Besides developing new drugs, Celltrion will also discover and purchase new drug licenses from biotech ventures, citing the low success rate of in-house R&D development.
“Internal discoveries account for only around 30-40 percent of big pharma companies’ new drug development portfolio. The rest is purchased from other drugmakers,” Kim said.
“Likewise, we’re looking to purchase or invest in new drug pipelines from third parties. That is why Celltrion recently formed a 150 billion won joint venture fund with Mirae Asset Financial Group -- to invest in local early stage biotech startups.”
In addition to Remsima, Celltrion has two additional biosimilars underway -- one referencing Roche’s lymphatic cancer drug Rituxan and another referencing Roche’s breast cancer drug Herceptin.
Truxima, Celltrion’s Rituxan-referencing biosimilar, obtained sales approval from the European Medicines Agency in February. The drug has already begun sales in the UK and is expected to hit additional markets in the region in the coming months.
Celltrion has also submitted its Herceptin-referencing biosimilar, Herzuma, to the EMA. The European drug regulator is expected to grant its approval within this year, the CEO said.

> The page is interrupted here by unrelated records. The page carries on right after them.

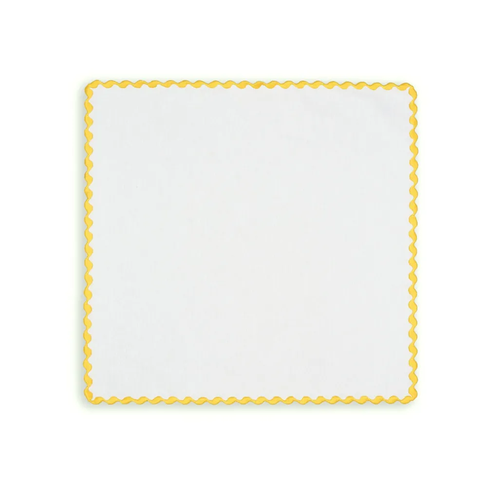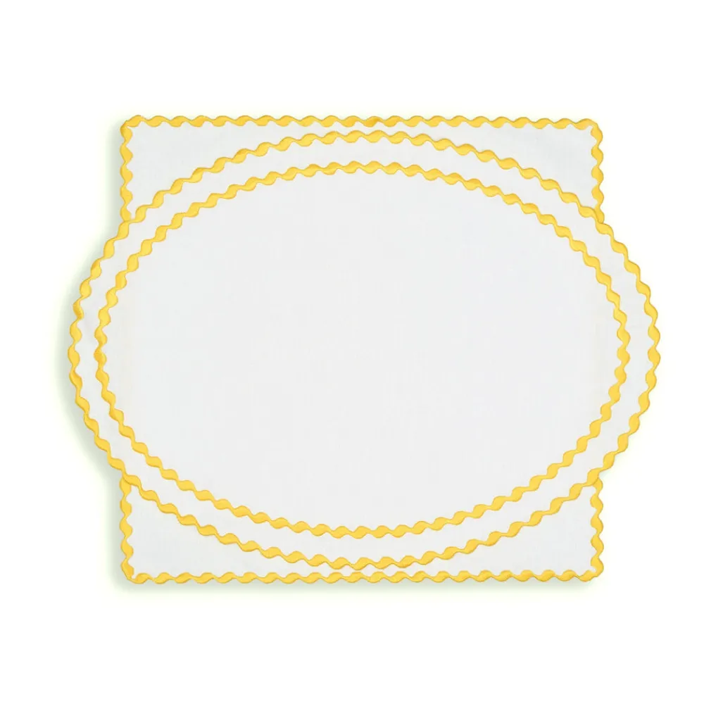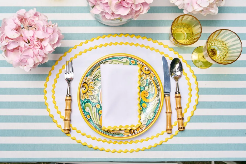 To enliven your tabletop and the conversation, look to Loulou La Dune. Based in Istanbul, Aylin Cinarli Duna’s architectural background provides the outlook for the brand’s luxury linens and beautiful hand embroidery. Her embrace of unique artisanship, and only the finest materials, adds elements refined craftsmanship to your bedroom, bathroom, kitchen and living spaces. Ideal for family gatherings and dinner parties, the Cora Placemat And Napkin Set In Sunshine yellow features an imaginatively scalloped edge, and a double layer of delightful rose trim. Works year-round, but we especially love it for a warm weather luncheon al fresco.
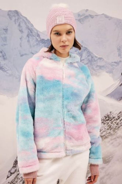 DeFactoFit Standart Fit Renkli Pelus Kapusonlu Fermuarl? Sweatshirt
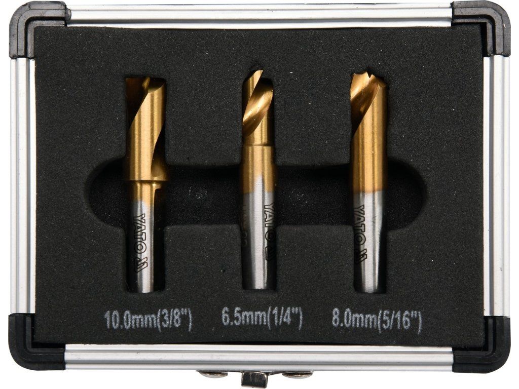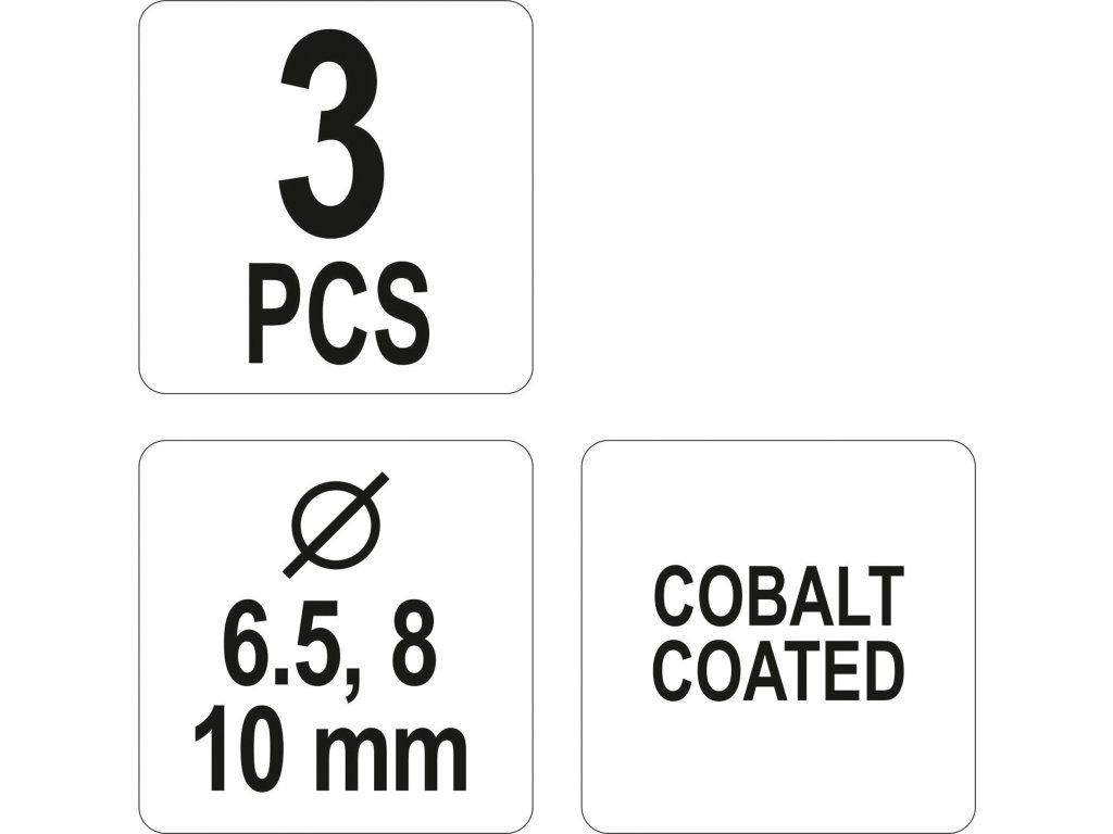 Sada je složena ze tří kusů vrtáků, uložených v pouzdře, s průměry 6,5; 8 a 10 mm.

Moreover, the firm is planning to submit both Truxima and Herzuma to the US Food and Drug Administration by June. It has been filing petitions to nullify additional patents on Herceptin that have been filed by Roche to extend the drug’s patent life as well.
As the sales of its three biosimilar drugs are set to take off, Celltrion plans to expand its production capacity, as well as seek partnership with global contract manufacturing organizations. And Samsung BioLogics, another dominant player in the biopharma industry, is no exception.
“Why not?” said Kim. “Certain conditions including pricing should be met. But in general, I’d say we could find better ways by establishing cooperation with a fellow Korean company (in pioneering Korea’s biopharma industry).”